An Unhappy Anniversary: With 15 Years of Broken Promises, Nuclear Waste and Liability Costs Continue to Pile Up

An Unhappy Anniversary: With 15 Years of Broken Promises, Nuclear Waste and Liability Costs Continue to Pile Up

January 31, 2013
WASHINGTON, DC – Today marks 15 years since the federal government has defaulted on its legal responsibility to store our nation’s nuclear waste. According to the law, the Department of Energy was supposed to begin accepting nuclear waste at Yucca Mountain by January 31, 1998. Since then, 76 lawsuits have been filed over DOE’s failure to meet its obligation, costing taxpayers over $1.6 billion dollars. Liability costs are estimated to total $19.1 billion through 2020, and $500 million for each year of delay after that.

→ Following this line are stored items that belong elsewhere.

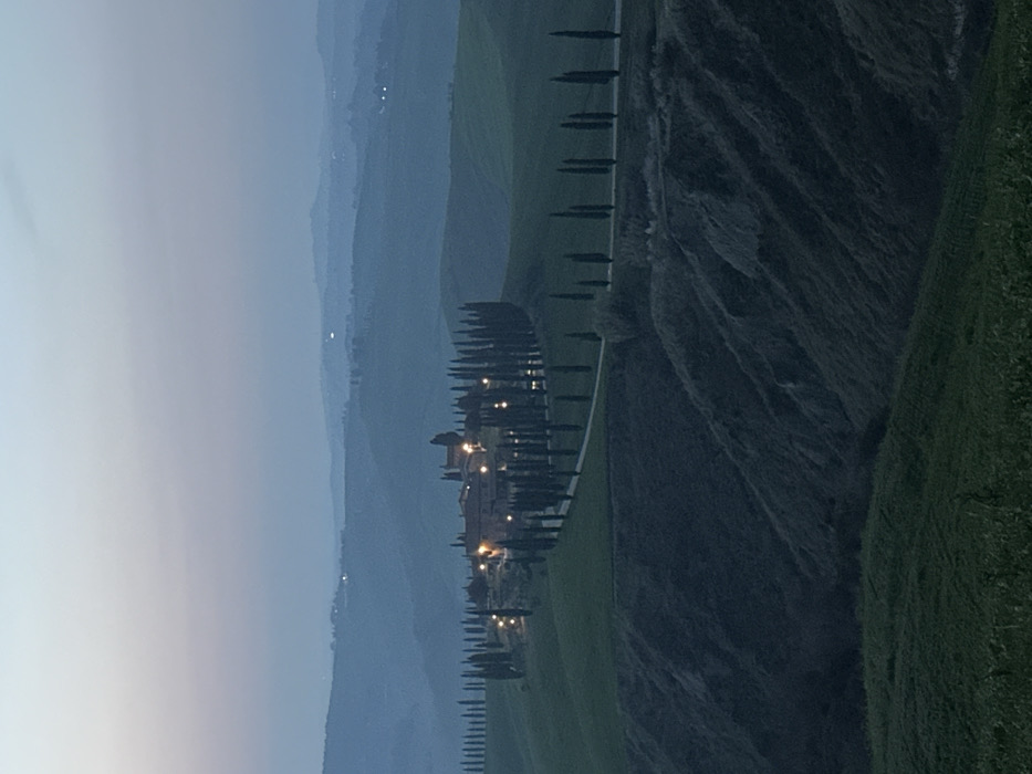 This image depicts the Agriturismo Baccoleno complex, located near Asciano in the Crete Senesi region of Tuscany, Italy. The scene is captured during a period of low natural light, likely dusk or dawn, under a pale blue-grey sky. A cluster of traditional Italian farmhouse buildings, illuminated by multiple warm yellow artificial lights, occupies a hilltop in the middle ground. A prominent, winding road, bordered densely by tall, slender cypress trees, ascends towards and partially encircles the illuminated complex. The foreground features a steep, dark, vegetated embankment. The broader environment consists of undulating green hills, with multiple layers receding into a hazy distance. No human figures or active subjects are present.
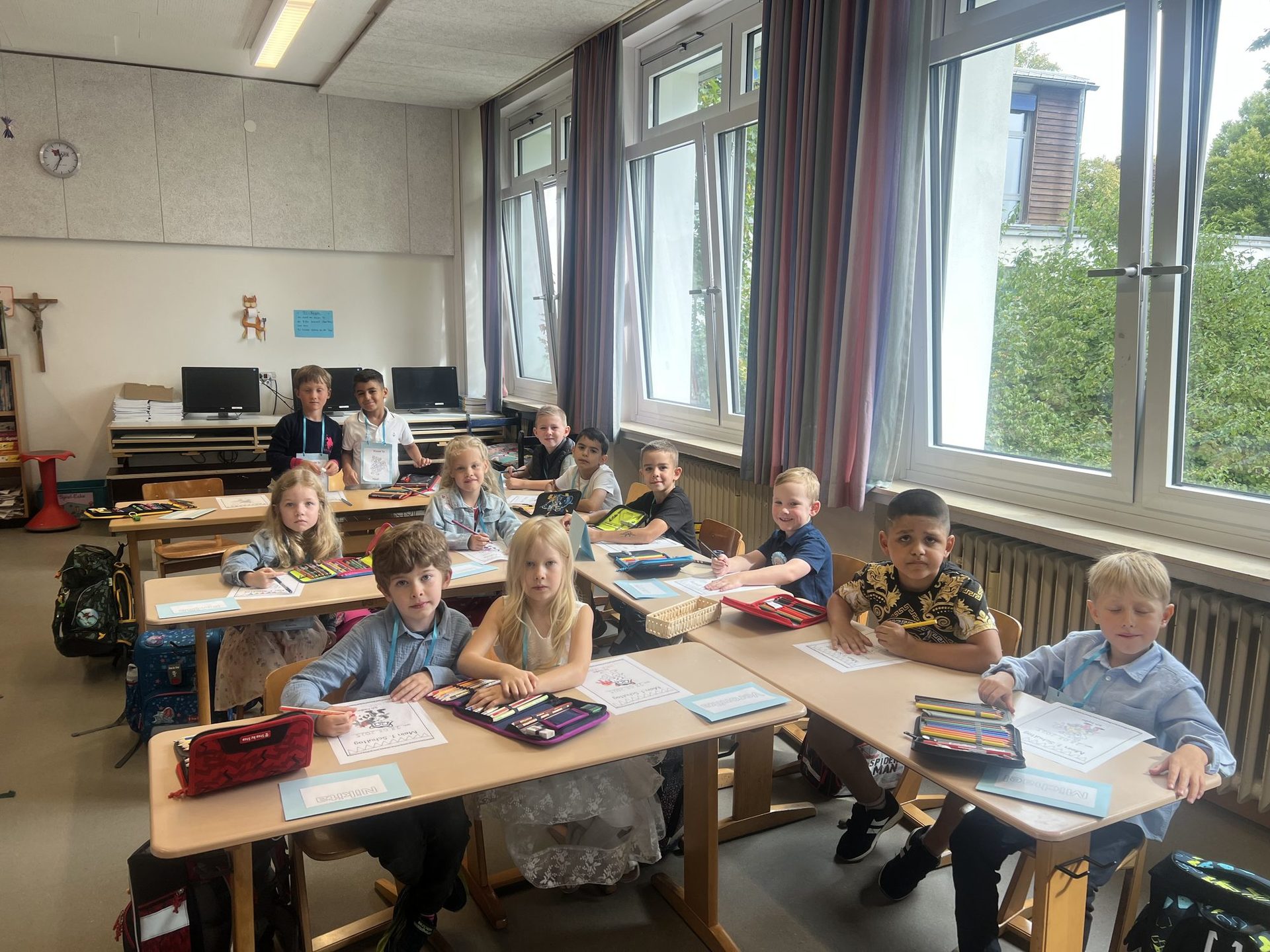 Hier seht ihr uns in unserer Klasse an unserem ersten Schultag.
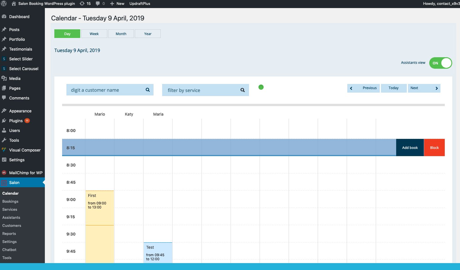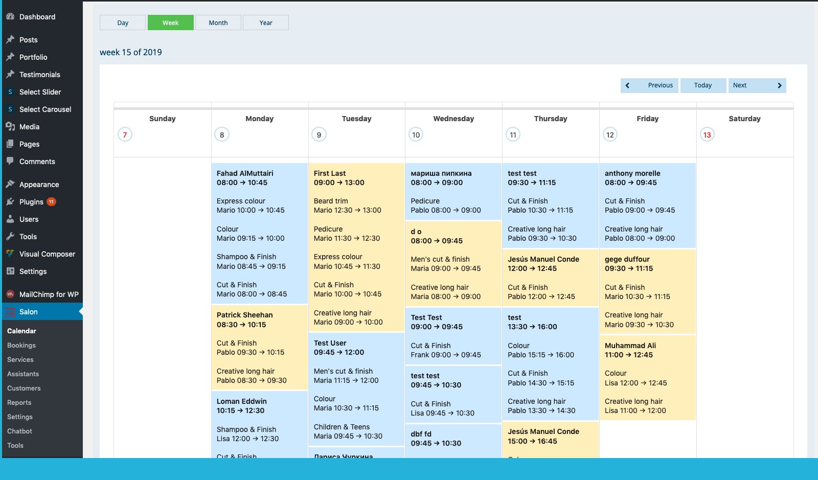 Editores de WordPress como administrador del salón

The Government Accountability Office estimates that nearly $15 billion has been spent on research surrounding the Yucca Mountain repository since 1983, $9.5 billion of which has been directly collected from the public's electric bills. The federal government is still collecting approximately $750 million per year from electricity consumers to pay for a repository that isn’t getting built.
Rather than fulfill its commitment to the law and reopen Yucca Mountain, the Obama administration is now suggesting we hit the reset button and start all over. The final recommendations of the administration’s Blue Ribbon Commission on America's Nuclear Future completely ignored Yucca Mountain and called for a new nuclear repository to be open by 2048.
“Here we are 15 years later and we still have no nuclear repository. Prior to the Obama administration's interruption the Yucca Mountain project, the landmark effort was nearing the finish line. The suggestion by the Obama administration that the law does not matter and we should hit the reset button on decades of work and billions of taxpayer dollars spent and start all over is irresponsible and outrageous,” said Environment and the Economy Subcommittee Chairman John Shimkus (R-IL). “Taxpayers and ratepayers have already poured billions of dollars into Yucca Mountain and the liability costs continue to increase every day we delay progress toward a nuclear waste solution. The federal government has the responsibility to safely store our nation’s nuclear waste, and yet spent nuclear fuel continues to pile up at sites across the country. We can’t afford another 35 years of inaction.”